All of lore.kernel.org
 help / color / mirror / Atom feed
* RE: USB virt status
@ 2005-11-11 23:23 Ian Pratt
  2005-11-13 18:28 ` USB virt status --- Help please!!! Harry Butterworth
  0 siblings, 1 reply; 15+ messages in thread
From: Ian Pratt @ 2005-11-11 23:23 UTC (permalink / raw)
  To: harry, sanjay.kushwaha, mark.williamson, xen-devel

 
> I've spent a few days testing and fixing bugs and it's now 
> possible to create and mount a filesystem on a USB key in the 
> FE using this code.

Excellent, sounds promising.  
 
> I'm in the middle of debugging a problem where dom0 reboots 
> when flushing a big file to the USB key.  I didn't manage to 
> find a serial cable for a serial console this evening so I 
> don't have much to go on yet.

You could try 'noreboot' and stick to a text mode.
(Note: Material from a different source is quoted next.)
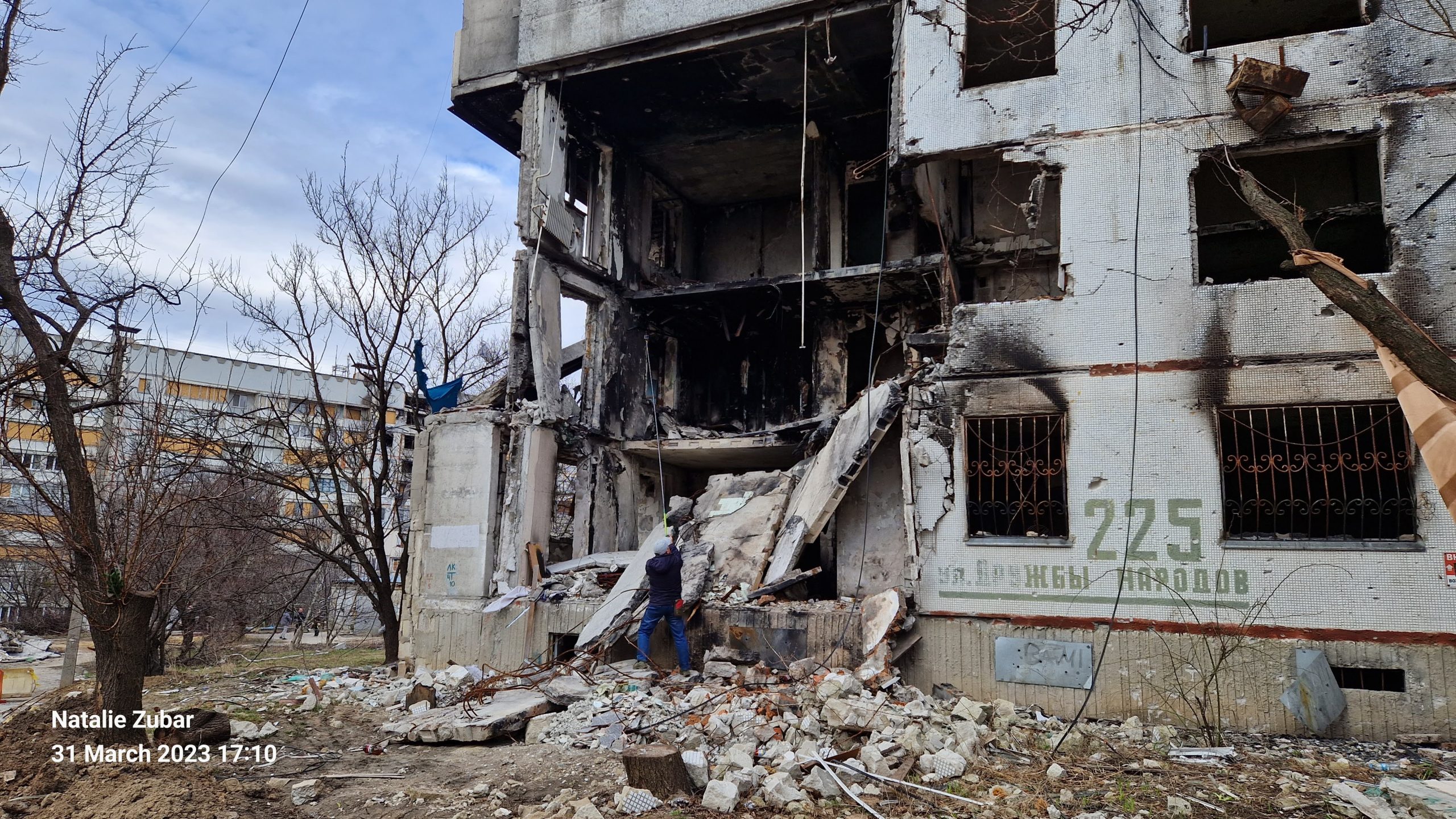 A destroyed apartment building in North Saltivka, Kharkiv with the remnants of the address on the wall, which is translated as “Friendship of the Peoples Street #225”. Photo was taken on March 31, 2023 by Nataliya Zubar.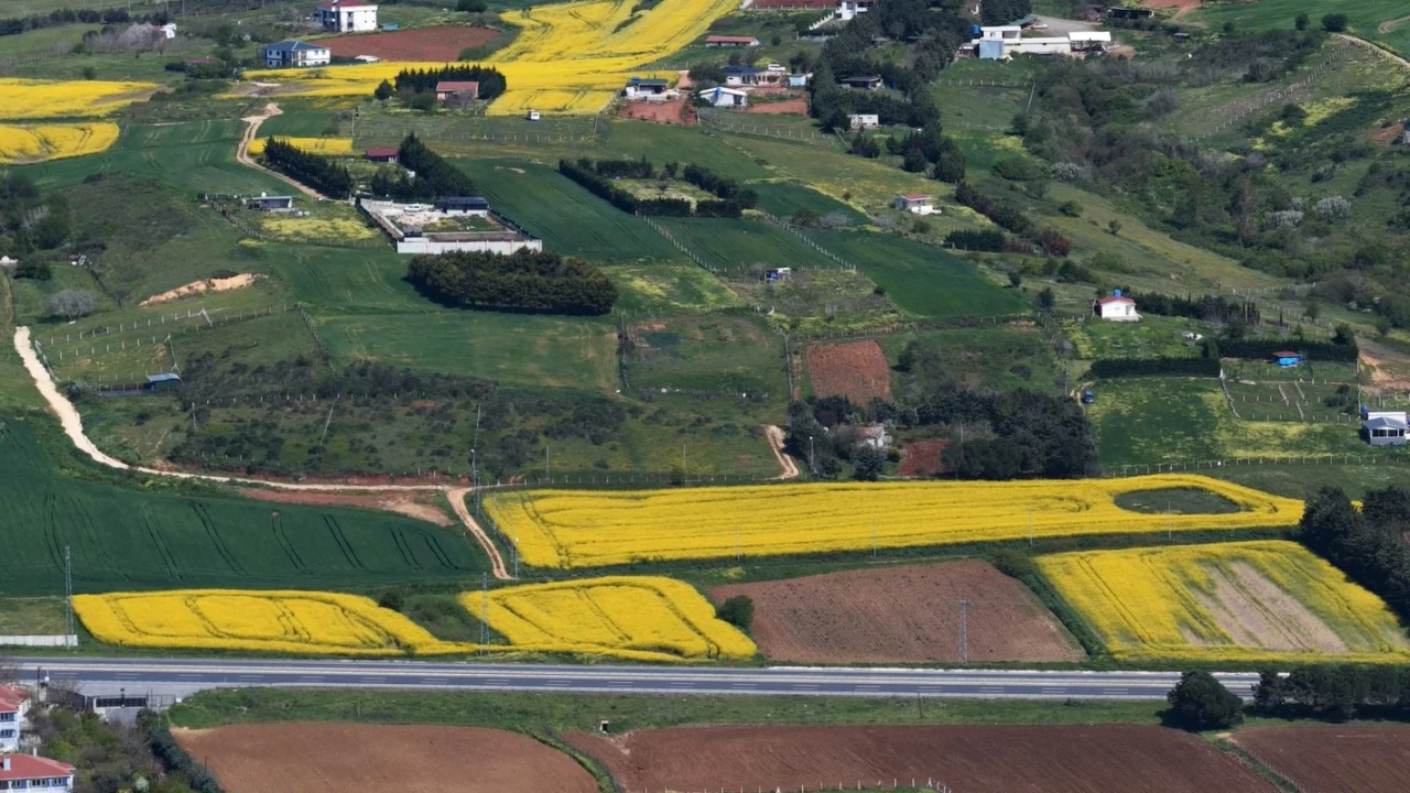 İstanbul’da ilkbaharın gelmesiyle birlikte ‘sarı altın çiçek’ olarak bilinen kanola bitkisi çiçek açtı. Sonbaharda ekilen, aralık ayında yapraklanan kanola, havaların ısınmasıyla sarı çiçeklerini açarak tarlaları renklendirdi. Sarı ve yeşil tonların iç içe geçtiği manzara, Çatalca’da dron ile havadan görüntülendi. Ayçiçeğine alternatif olarak ekilen ve bitkisel yağ üretiminde kullanılan kanolada, son bir aydır etkili olan yağışlar nedeniyle verimin yüksek olması bekleniyor.

It'll be good to get USB functionality back in the tree.

Thanks,
Ian

^ permalink raw reply	[flat|nested] 15+ messages in thread

* RE: USB virt status --- Help please!!!
  2005-11-11 23:23 USB virt status Ian Pratt
@ 2005-11-13 18:28 ` Harry Butterworth
  2005-11-14  9:56   ` Keir Fraser
  0 siblings, 1 reply; 15+ messages in thread
From: Harry Butterworth @ 2005-11-13 18:28 UTC (permalink / raw)
  To: Ian Pratt; +Cc: xen-devel, mark.williamson, keir.fraser, sanjay.kushwaha

> > I'm in the middle of debugging a problem where dom0 reboots 
> > when flushing a big file to the USB key.  I didn't manage to 
> > find a serial cable for a serial console this evening so I 
> > don't have much to go on yet.
> 
> You could try 'noreboot' and stick to a text mode.

Thanks, yes this worked.

It turns out that dom0 is bombing out in dma_map_single
(arch/xen/i386/kernel/pci-dma.c) with a failure of
range_straddles_page_boundary and if I use swiotlb=force on the command
line as suggested by the printk then it all seems to work fine.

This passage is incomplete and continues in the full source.